▶ _Exercise brief_:
Word for word, retype the lines from the one containing "Der Wippenaufzug dreht" to the one containing "Отдыхали с друзьями" below, keeping both end lines and dropping the pictures.

▶ _Exercise material_:
━━━━━━━━━━━━━━━━━━━━━━━━━━━━━━
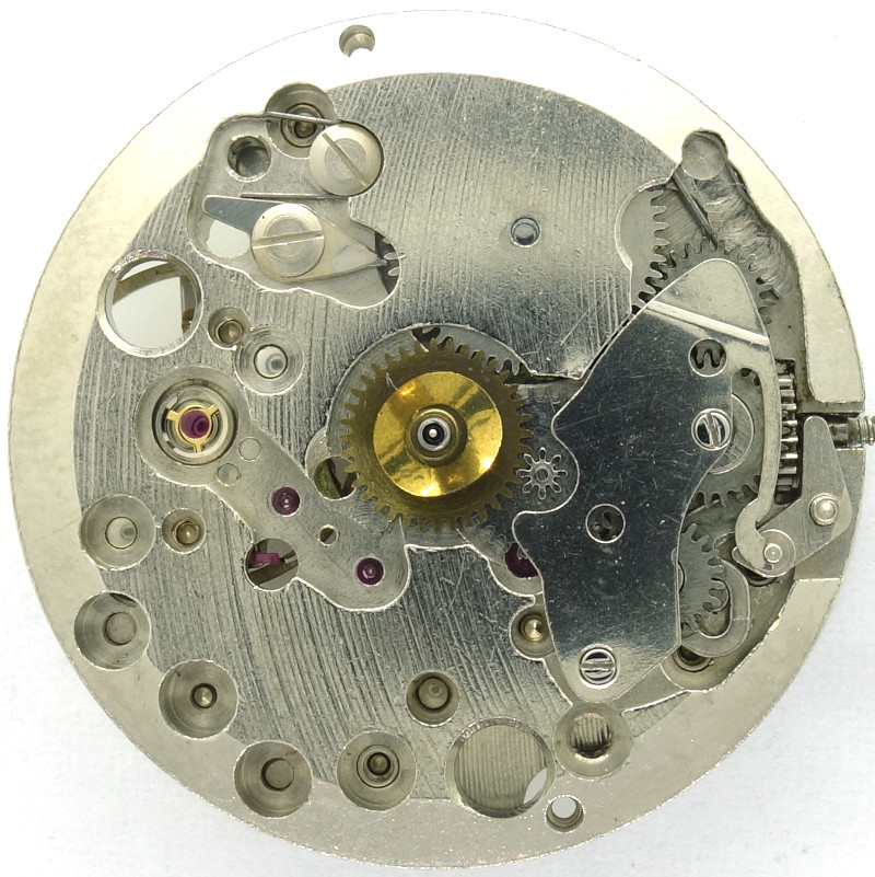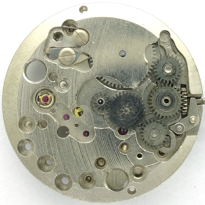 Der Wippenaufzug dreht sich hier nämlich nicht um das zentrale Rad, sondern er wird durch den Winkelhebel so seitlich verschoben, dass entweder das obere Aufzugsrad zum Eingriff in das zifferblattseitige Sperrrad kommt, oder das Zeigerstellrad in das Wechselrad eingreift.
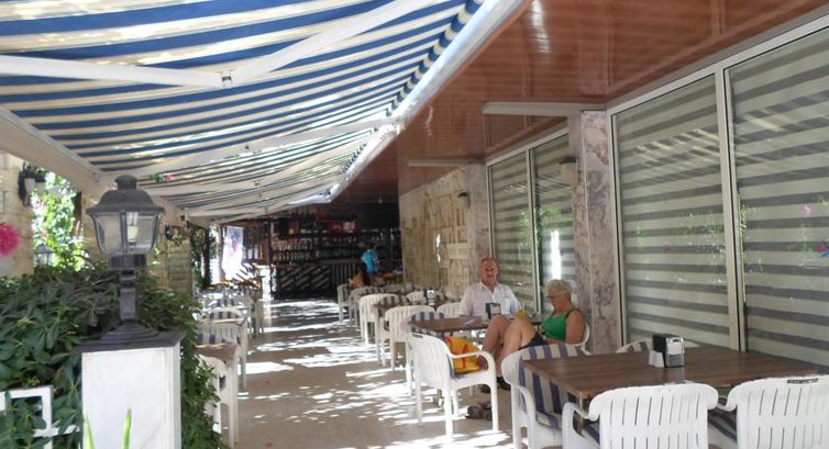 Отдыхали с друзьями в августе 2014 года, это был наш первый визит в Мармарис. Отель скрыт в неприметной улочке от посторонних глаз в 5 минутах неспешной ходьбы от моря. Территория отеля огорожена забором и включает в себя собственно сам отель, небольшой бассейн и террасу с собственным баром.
━━━━━━━━━━━━━━━━━━━━━━━━━━━━━━
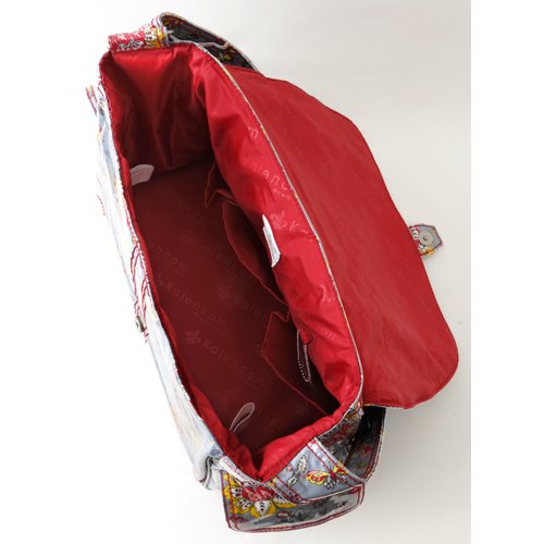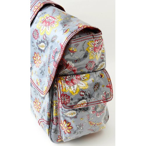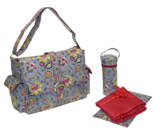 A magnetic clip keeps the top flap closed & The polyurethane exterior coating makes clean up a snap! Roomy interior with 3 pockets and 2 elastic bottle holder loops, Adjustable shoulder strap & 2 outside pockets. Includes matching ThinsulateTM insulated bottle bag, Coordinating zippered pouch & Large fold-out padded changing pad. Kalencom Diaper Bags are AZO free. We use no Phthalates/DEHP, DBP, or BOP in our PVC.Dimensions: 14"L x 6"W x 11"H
━━━━━━━━━━━━━━━━━━━━━━━━━━━━━━
▶ _Exercise solution_:
 Der Wippenaufzug dreht sich hier nämlich nicht um das zentrale Rad, sondern er wird durch den Winkelhebel so seitlich verschoben, dass entweder das obere Aufzugsrad zum Eingriff in das zifferblattseitige Sperrrad kommt, oder das Zeigerstellrad in das Wechselrad eingreift.
 Отдыхали с друзьями в августе 2014 года, это был наш первый визит в Мармарис. Отель скрыт в неприметной улочке от посторонних глаз в 5 минутах неспешной ходьбы от моря. Территория отеля огорожена забором и включает в себя собственно сам отель, небольшой бассейн и террасу с собственным баром.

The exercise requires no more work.